**Exercise instructions**
Where the data below begins, start retyping exactly, and end on the line with "据网友曝料:海航一名空姐,和", which is included; no picture goes in.

**Material supplied**
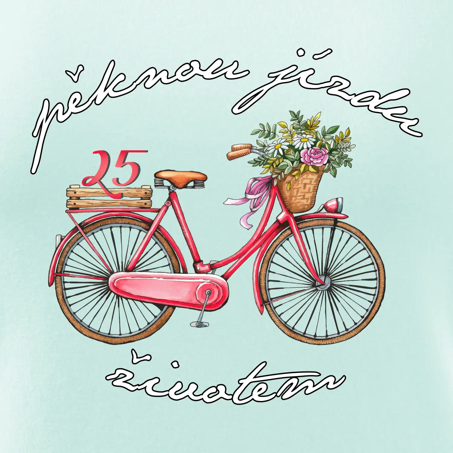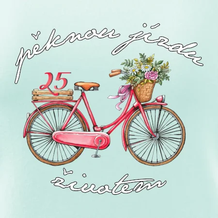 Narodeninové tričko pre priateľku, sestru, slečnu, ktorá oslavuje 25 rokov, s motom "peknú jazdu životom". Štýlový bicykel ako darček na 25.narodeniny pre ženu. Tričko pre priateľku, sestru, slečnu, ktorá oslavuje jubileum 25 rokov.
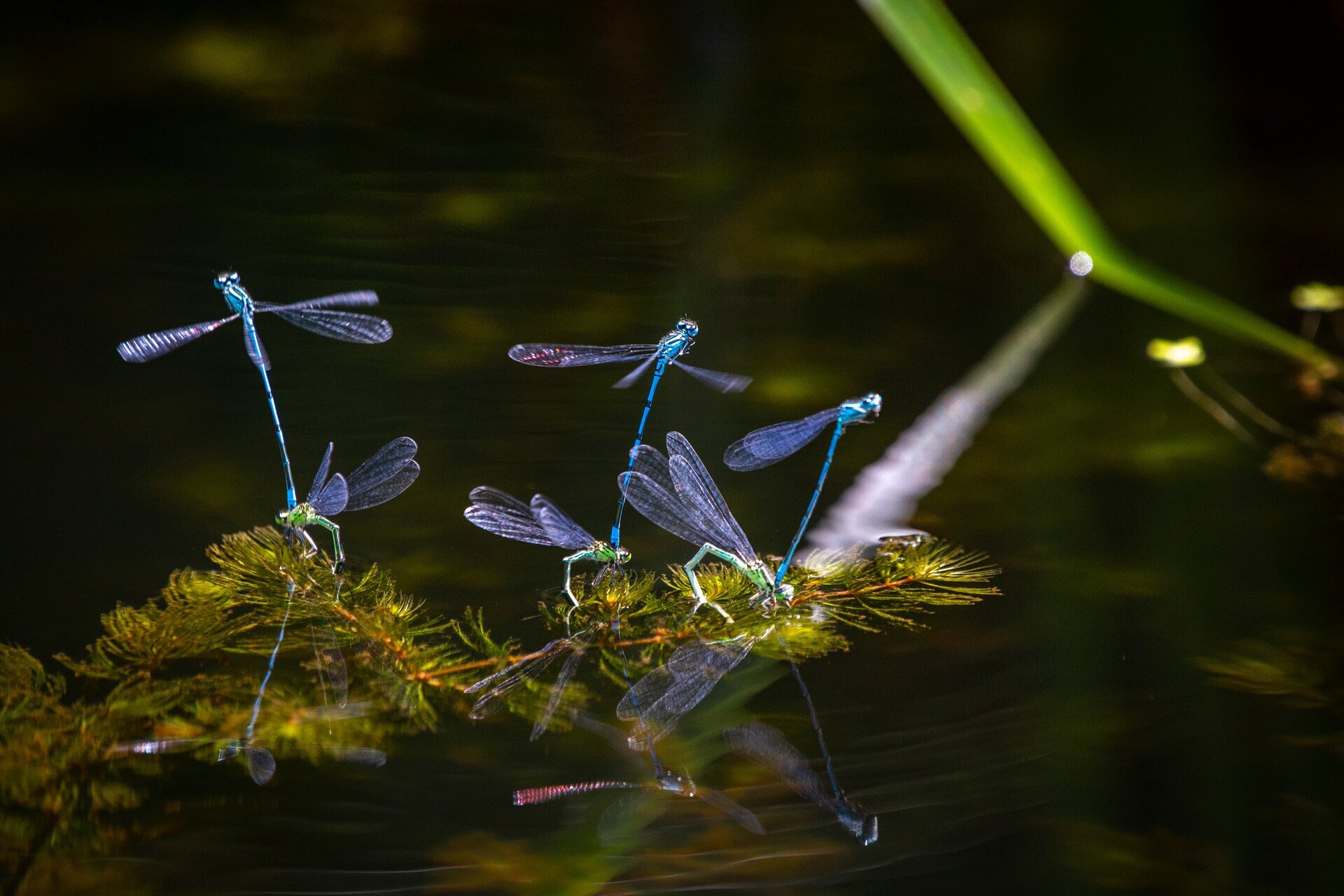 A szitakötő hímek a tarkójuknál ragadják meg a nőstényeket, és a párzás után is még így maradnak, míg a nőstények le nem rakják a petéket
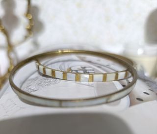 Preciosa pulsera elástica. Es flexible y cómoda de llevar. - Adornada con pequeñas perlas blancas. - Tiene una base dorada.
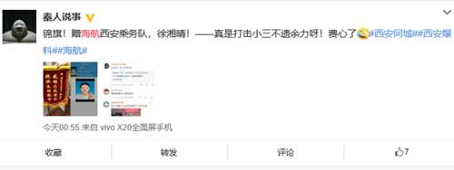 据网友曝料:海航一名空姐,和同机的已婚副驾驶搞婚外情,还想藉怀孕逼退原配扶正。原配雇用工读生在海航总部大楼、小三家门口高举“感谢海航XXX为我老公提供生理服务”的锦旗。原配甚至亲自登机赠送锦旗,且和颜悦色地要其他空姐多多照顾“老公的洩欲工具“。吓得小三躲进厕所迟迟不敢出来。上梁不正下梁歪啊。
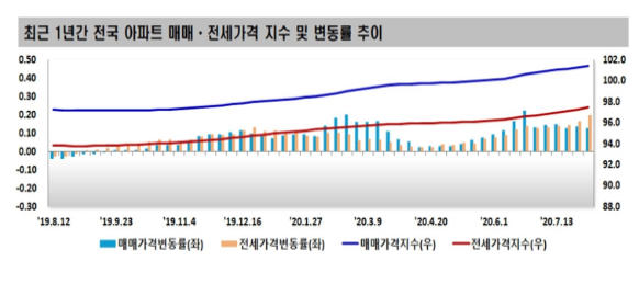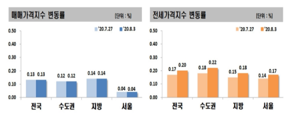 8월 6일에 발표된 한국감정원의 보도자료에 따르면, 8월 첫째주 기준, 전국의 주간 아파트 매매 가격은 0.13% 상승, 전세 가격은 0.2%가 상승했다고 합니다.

**Result of this exercise**
 Narodeninové tričko pre priateľku, sestru, slečnu, ktorá oslavuje 25 rokov, s motom "peknú jazdu životom". Štýlový bicykel ako darček na 25.narodeniny pre ženu. Tričko pre priateľku, sestru, slečnu, ktorá oslavuje jubileum 25 rokov.
 A szitakötő hímek a tarkójuknál ragadják meg a nőstényeket, és a párzás után is még így maradnak, míg a nőstények le nem rakják a petéket
 Preciosa pulsera elástica. Es flexible y cómoda de llevar. - Adornada con pequeñas perlas blancas. - Tiene una base dorada.
 据网友曝料:海航一名空姐,和同机的已婚副驾驶搞婚外情,还想藉怀孕逼退原配扶正。原配雇用工读生在海航总部大楼、小三家门口高举“感谢海航XXX为我老公提供生理服务”的锦旗。原配甚至亲自登机赠送锦旗,且和颜悦色地要其他空姐多多照顾“老公的洩欲工具“。吓得小三躲进厕所迟迟不敢出来。上梁不正下梁歪啊。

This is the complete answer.